▶ _What needs to be done_
Begin at the line below that has "De uitbraak van". Stop after the line that has "1/16 到 1/8 英寸。", repeating each line exactly and leaving out the pictures.

== Data provided

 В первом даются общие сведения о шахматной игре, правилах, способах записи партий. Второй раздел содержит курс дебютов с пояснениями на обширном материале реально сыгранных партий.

====
== Data provided

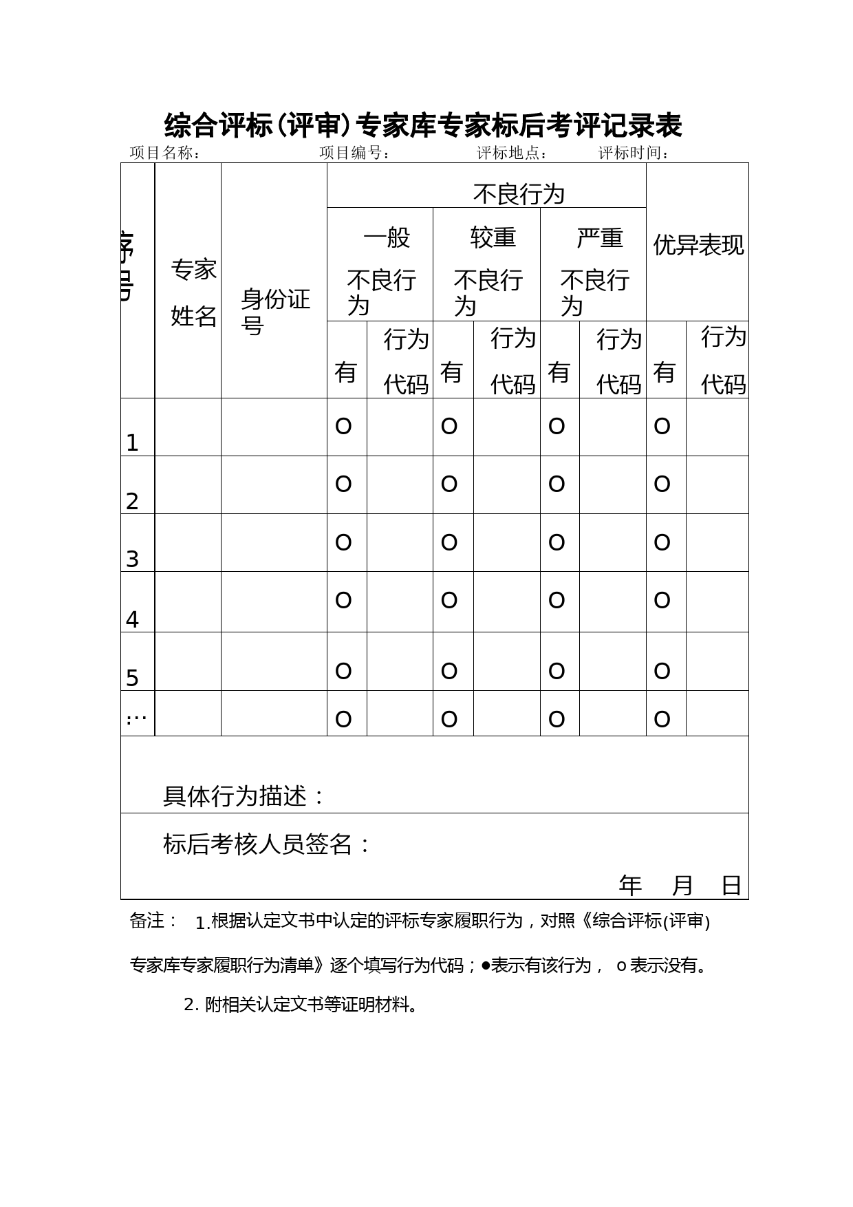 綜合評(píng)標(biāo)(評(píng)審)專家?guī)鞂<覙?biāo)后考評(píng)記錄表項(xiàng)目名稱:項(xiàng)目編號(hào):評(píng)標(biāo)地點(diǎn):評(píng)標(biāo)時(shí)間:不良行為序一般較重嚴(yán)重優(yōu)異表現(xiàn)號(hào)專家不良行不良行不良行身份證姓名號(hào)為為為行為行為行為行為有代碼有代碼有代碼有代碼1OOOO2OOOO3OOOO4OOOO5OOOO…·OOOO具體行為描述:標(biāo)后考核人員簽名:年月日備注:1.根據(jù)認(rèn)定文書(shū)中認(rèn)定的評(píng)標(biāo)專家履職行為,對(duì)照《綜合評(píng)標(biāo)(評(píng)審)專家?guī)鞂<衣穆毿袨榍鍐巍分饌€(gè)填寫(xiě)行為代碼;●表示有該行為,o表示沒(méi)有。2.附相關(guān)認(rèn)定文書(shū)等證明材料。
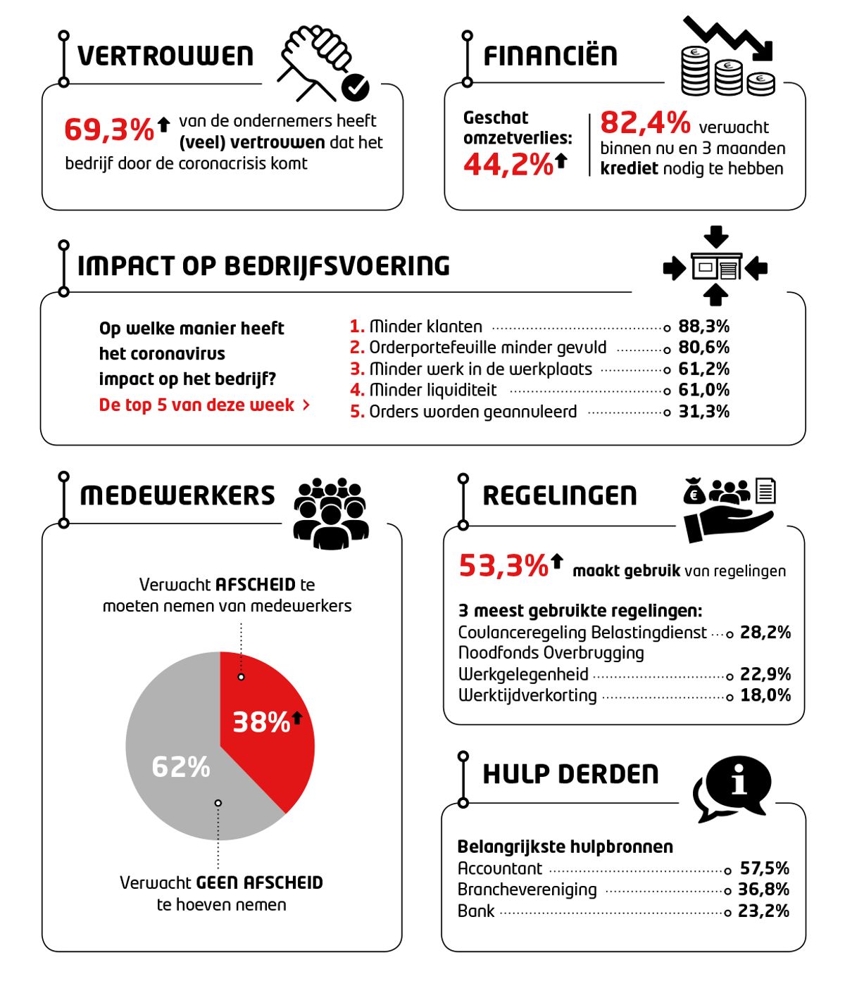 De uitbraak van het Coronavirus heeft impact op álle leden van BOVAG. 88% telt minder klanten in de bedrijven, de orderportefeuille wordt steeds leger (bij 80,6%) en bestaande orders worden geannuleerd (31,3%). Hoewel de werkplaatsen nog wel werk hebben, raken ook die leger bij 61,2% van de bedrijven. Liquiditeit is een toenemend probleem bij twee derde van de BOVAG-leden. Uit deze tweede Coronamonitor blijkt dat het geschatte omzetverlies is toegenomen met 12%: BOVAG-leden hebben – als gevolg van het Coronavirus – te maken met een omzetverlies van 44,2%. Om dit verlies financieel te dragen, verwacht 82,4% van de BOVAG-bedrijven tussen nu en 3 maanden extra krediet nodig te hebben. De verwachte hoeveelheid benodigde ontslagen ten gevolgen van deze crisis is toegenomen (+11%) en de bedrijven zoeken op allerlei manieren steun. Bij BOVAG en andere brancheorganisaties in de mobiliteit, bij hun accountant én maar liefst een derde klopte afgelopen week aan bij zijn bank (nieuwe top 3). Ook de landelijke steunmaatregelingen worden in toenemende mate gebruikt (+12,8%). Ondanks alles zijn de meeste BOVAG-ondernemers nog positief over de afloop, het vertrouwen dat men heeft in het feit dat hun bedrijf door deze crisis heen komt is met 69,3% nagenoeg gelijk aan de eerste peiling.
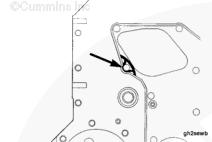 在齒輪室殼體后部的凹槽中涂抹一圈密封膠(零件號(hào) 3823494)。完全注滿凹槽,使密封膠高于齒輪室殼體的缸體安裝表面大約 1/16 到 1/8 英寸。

====

▶ _Solution for this task_
 De uitbraak van het Coronavirus heeft impact op álle leden van BOVAG. 88% telt minder klanten in de bedrijven, de orderportefeuille wordt steeds leger (bij 80,6%) en bestaande orders worden geannuleerd (31,3%). Hoewel de werkplaatsen nog wel werk hebben, raken ook die leger bij 61,2% van de bedrijven. Liquiditeit is een toenemend probleem bij twee derde van de BOVAG-leden. Uit deze tweede Coronamonitor blijkt dat het geschatte omzetverlies is toegenomen met 12%: BOVAG-leden hebben – als gevolg van het Coronavirus – te maken met een omzetverlies van 44,2%. Om dit verlies financieel te dragen, verwacht 82,4% van de BOVAG-bedrijven tussen nu en 3 maanden extra krediet nodig te hebben. De verwachte hoeveelheid benodigde ontslagen ten gevolgen van deze crisis is toegenomen (+11%) en de bedrijven zoeken op allerlei manieren steun. Bij BOVAG en andere brancheorganisaties in de mobiliteit, bij hun accountant én maar liefst een derde klopte afgelopen week aan bij zijn bank (nieuwe top 3). Ook de landelijke steunmaatregelingen worden in toenemende mate gebruikt (+12,8%). Ondanks alles zijn de meeste BOVAG-ondernemers nog positief over de afloop, het vertrouwen dat men heeft in het feit dat hun bedrijf door deze crisis heen komt is met 69,3% nagenoeg gelijk aan de eerste peiling.
 在齒輪室殼體后部的凹槽中涂抹一圈密封膠(零件號(hào) 3823494)。完全注滿凹槽,使密封膠高于齒輪室殼體的缸體安裝表面大約 1/16 到 1/8 英寸。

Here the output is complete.